Walter Diemingers Zeit von 1935 - 1945

Lassen Sie mich jetzt aber kurz den wissenschaftlichen Lebenslauf von Walter Dieminger darstellen, wie er sich nach 1935 ergab.

1937: Staatsprüfung zum Flugbaumeister. Die Ausbildung zum Flugbaumeister umfaßte Tätigkeiten bei der Erprobungsstelle der Luftwaffe, Tätigkeiten bei der Industrie (Telefunken, Lorenz) sowie eine fliegerische Ausbildung. Walter Dieminger hatte unterdessen auch die Fluglizenzen einschließlich Nacht- und Kunstflug erworben. Nur das Fliegen der Großmaschinen (damals JU 52) blieb ihm - als Brillenträger – verwehrt.

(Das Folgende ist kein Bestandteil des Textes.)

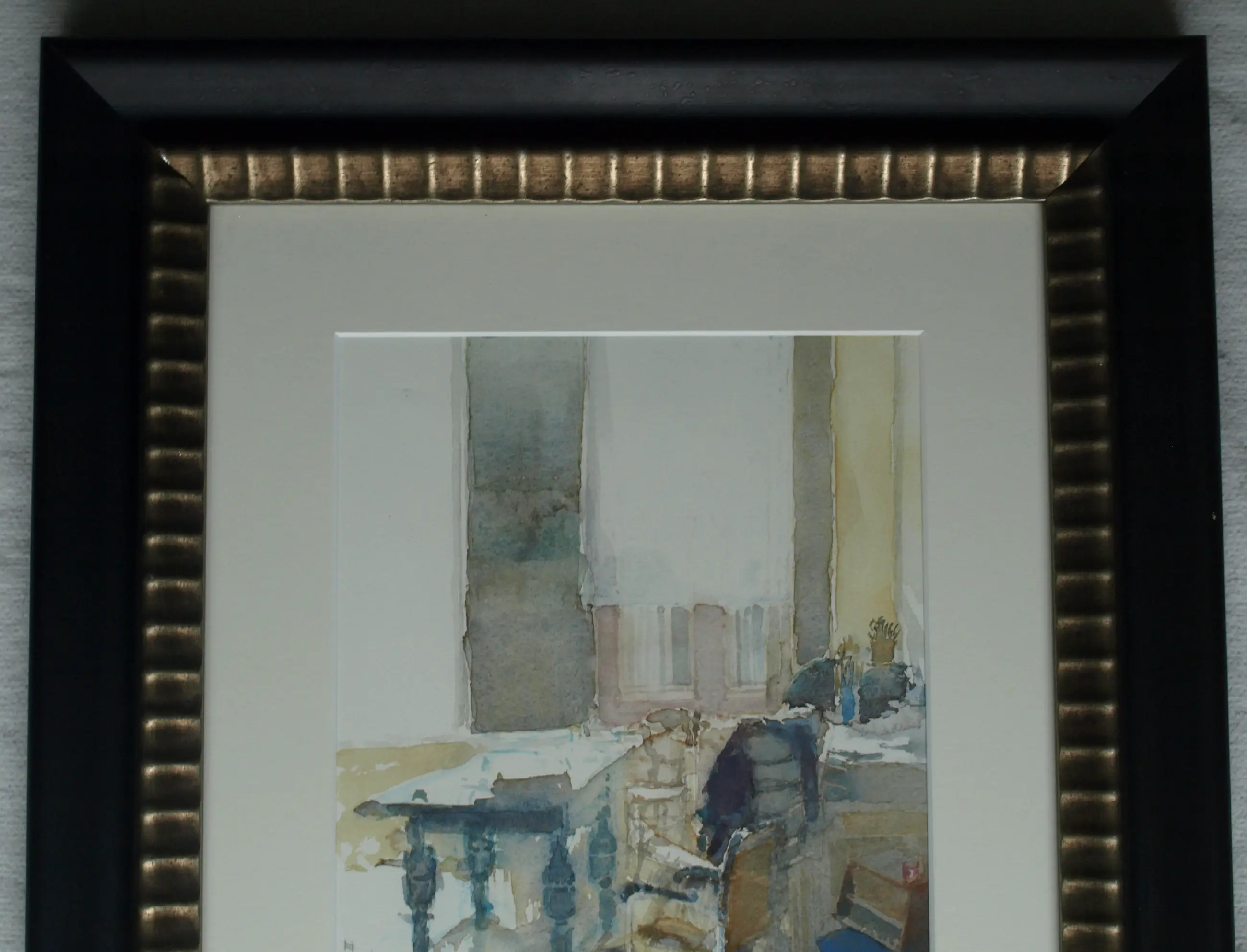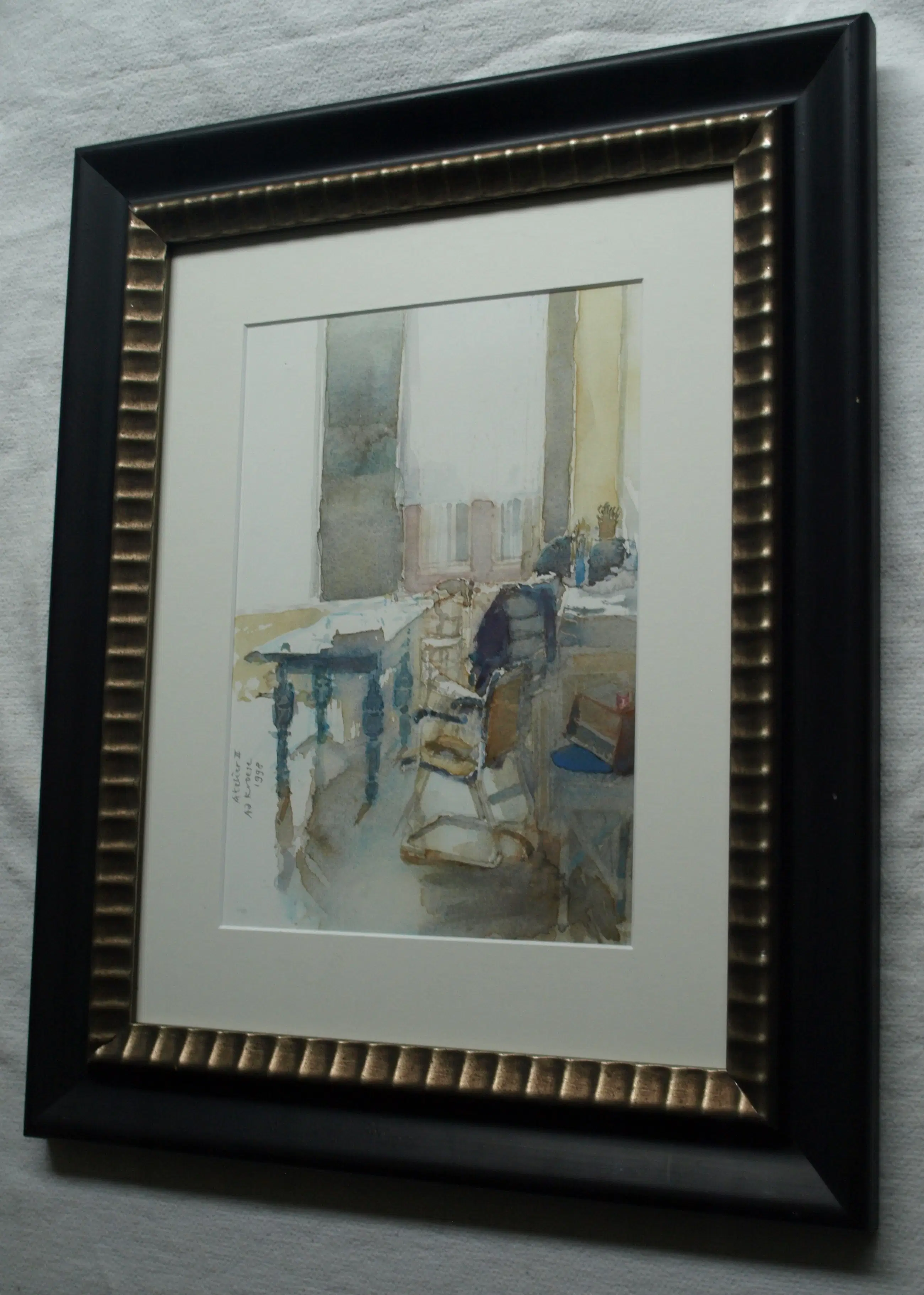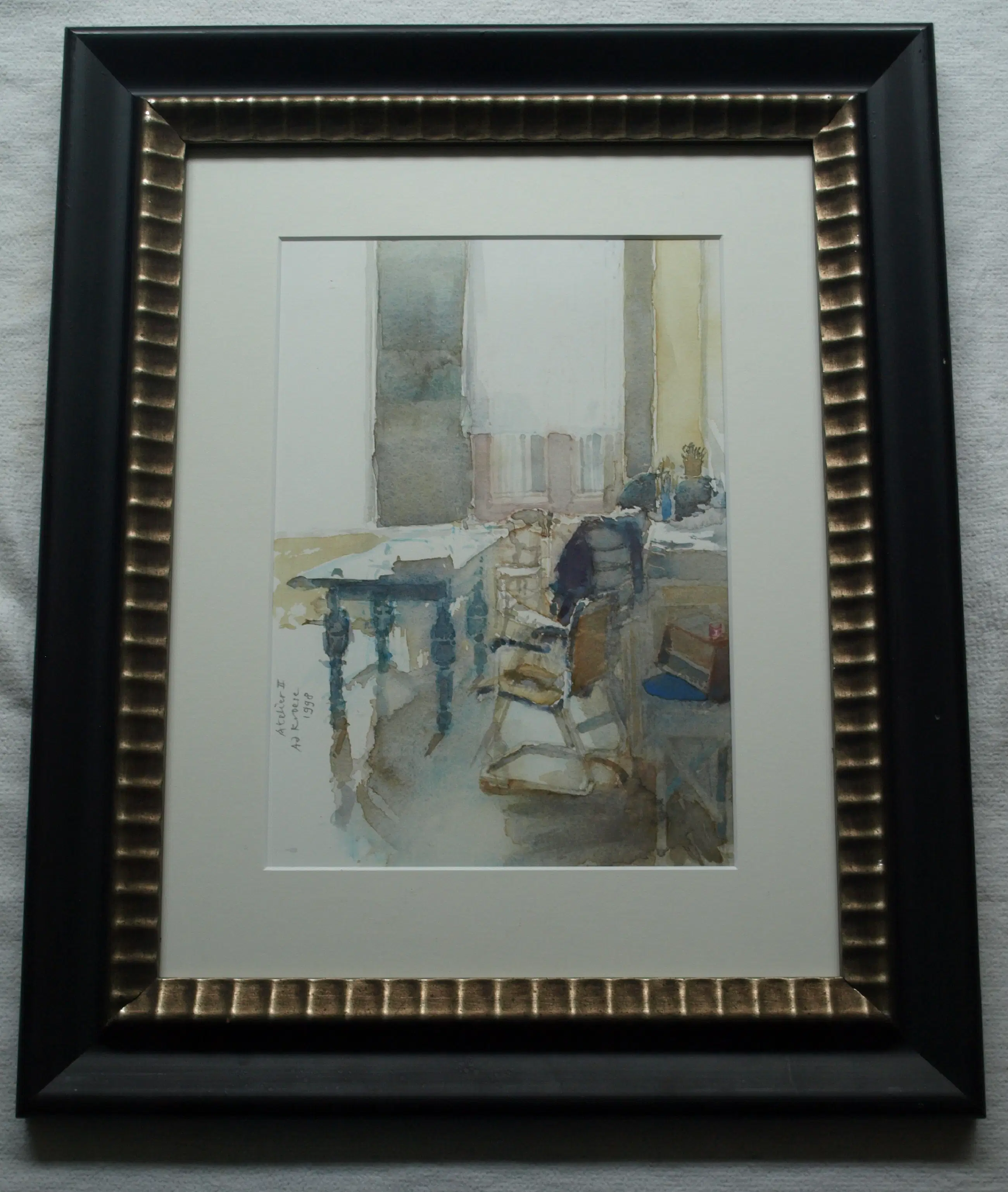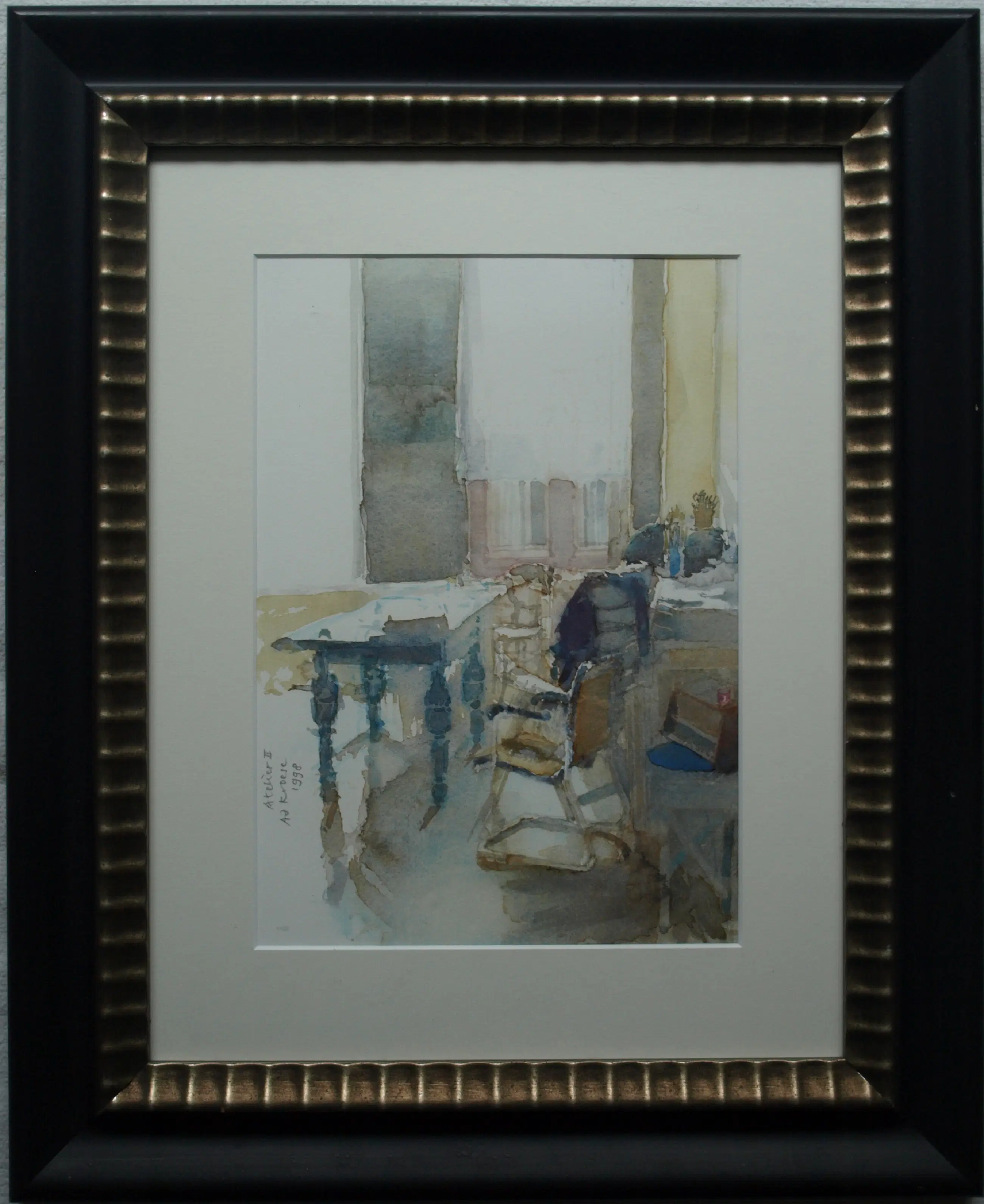 Ad Kroese - Ingelijste aquarel , Atelier II – 1998 - Lijst, 60 x 49 cm.
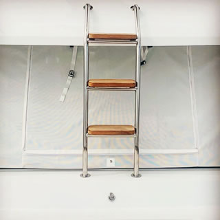 L’échelle Fountaine Pajot saba 50 est réalisée en tube inox 316l diamètre 28mm et de 3 marche en teck-massif. Il s’agit d’un accès flybridge.

1937 – 1943: So wurde er bald wissenschaftlicher Mitarbeiter und Flugzeugführer bei der Erprobungsstelle der Luftwaffe in Rechlin (Mecklenburg), wo er die Entwicklung und Erprobung von Flugfunknavigationsverfahren bearbeitete und eine Ionosphärenbeobachtungsstelle einrichtete. Beides gewann mit dem Ausbruch des 2. Weltkrieges enorm an Bedeutung und führte schließlich zum Aufbau eines Funkberatungsdienstes, zunächst für die Luftwaffe, seit 1943 für die gesamte Wehrmacht. Die mit dieser Aufgabe betraute Arbeitsgruppe leitete Dr. Karl Rawer, der im Mai 1939 nach Rechlin zu Walter Diemingers Gruppe gekommen war.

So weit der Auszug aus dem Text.